* [Recorded data]
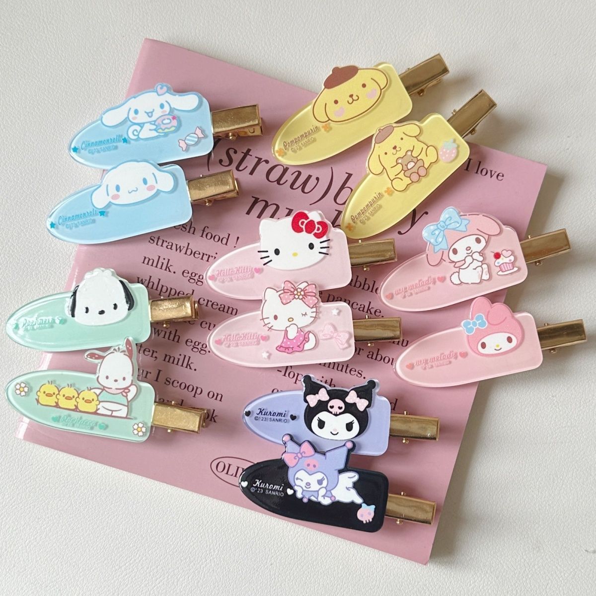산리오 심리스 클립 머리핀 귀엽고 달콤한 소녀 하트 만화 앞머리 클립 머리 장식 카드 여성용 덕빌 클립
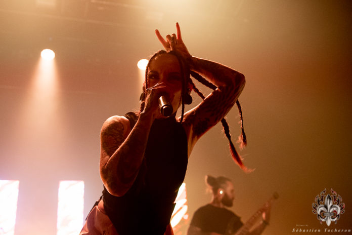 C’est Born Of Osiris, qui fait dans le Deathcore et qui est originaire de Palatine, dans l’Illinois, qui lance la soirée. Mis à part le nom qui me semblait vaguement familier, je n’avais jamais entendu ni vu ce groupe sur scène. Je dois être honnête, je n’ai pas accroché malgré le fait que ça joue super bien. Il y a de bons moments dans leur musique et le chanteur y est excellent, mais… ce genre de Metal ne me touche pas, je le trouve froid. Peut-être est-ce que j’ai l’impression qu’il y a beaucoup de pistes d’instruments supplémentaires, ce qui éloigne pour moi la magie du live. Cela dit, c’est mon point de vue.
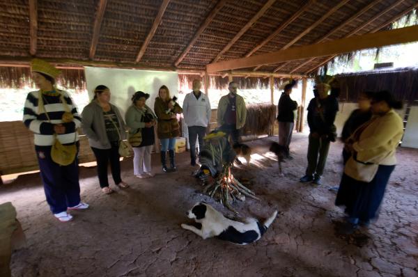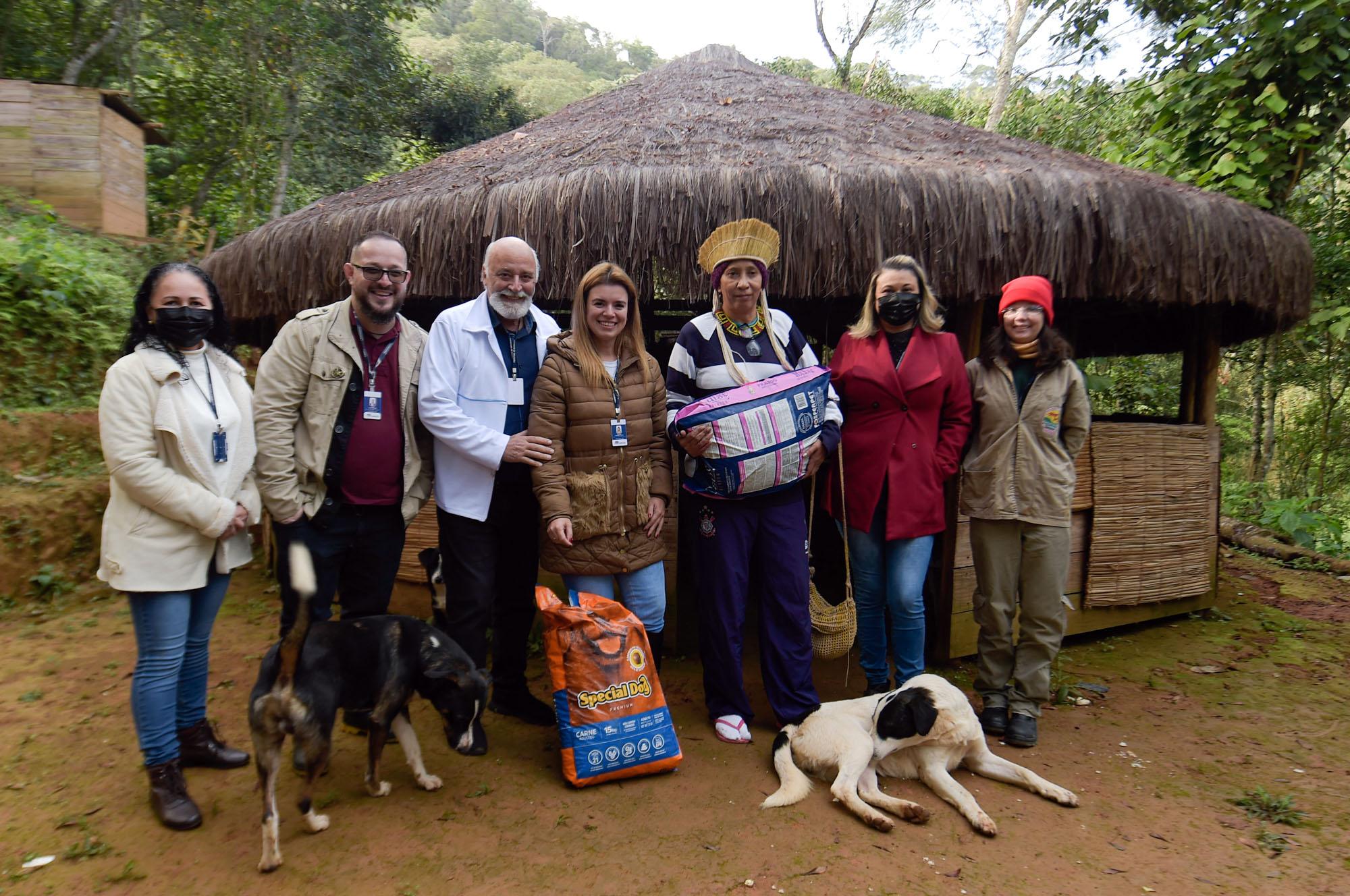 Representantes das diversas etnias presentes na reserva indígena Filhos dessa Terra, no Cabuçu, receberam com danças, fogueira, chá e tapioca a equipe do Departamento de Proteção Animal (DPAN) de Guarulhos, que esteve no local nesta segunda-feira (13) para doar ração e fazer o cadastro de cães e gatos a serem submetidos gratuitamente à cirurgia de esterilização e à colocação de chip de identificação.

* [Task objective]
Could you copy the listing exactly, leaving out any pictures?

* [Solution for this exercise]
산리오 심리스 클립 머리핀 귀엽고 달콤한 소녀 하트 만화 앞머리 클립 머리 장식 카드 여성용 덕빌 클립
 C’est Born Of Osiris, qui fait dans le Deathcore et qui est originaire de Palatine, dans l’Illinois, qui lance la soirée. Mis à part le nom qui me semblait vaguement familier, je n’avais jamais entendu ni vu ce groupe sur scène. Je dois être honnête, je n’ai pas accroché malgré le fait que ça joue super bien. Il y a de bons moments dans leur musique et le chanteur y est excellent, mais… ce genre de Metal ne me touche pas, je le trouve froid. Peut-être est-ce que j’ai l’impression qu’il y a beaucoup de pistes d’instruments supplémentaires, ce qui éloigne pour moi la magie du live. Cela dit, c’est mon point de vue.
 Representantes das diversas etnias presentes na reserva indígena Filhos dessa Terra, no Cabuçu, receberam com danças, fogueira, chá e tapioca a equipe do Departamento de Proteção Animal (DPAN) de Guarulhos, que esteve no local nesta segunda-feira (13) para doar ração e fazer o cadastro de cães e gatos a serem submetidos gratuitamente à cirurgia de esterilização e à colocação de chip de identificação.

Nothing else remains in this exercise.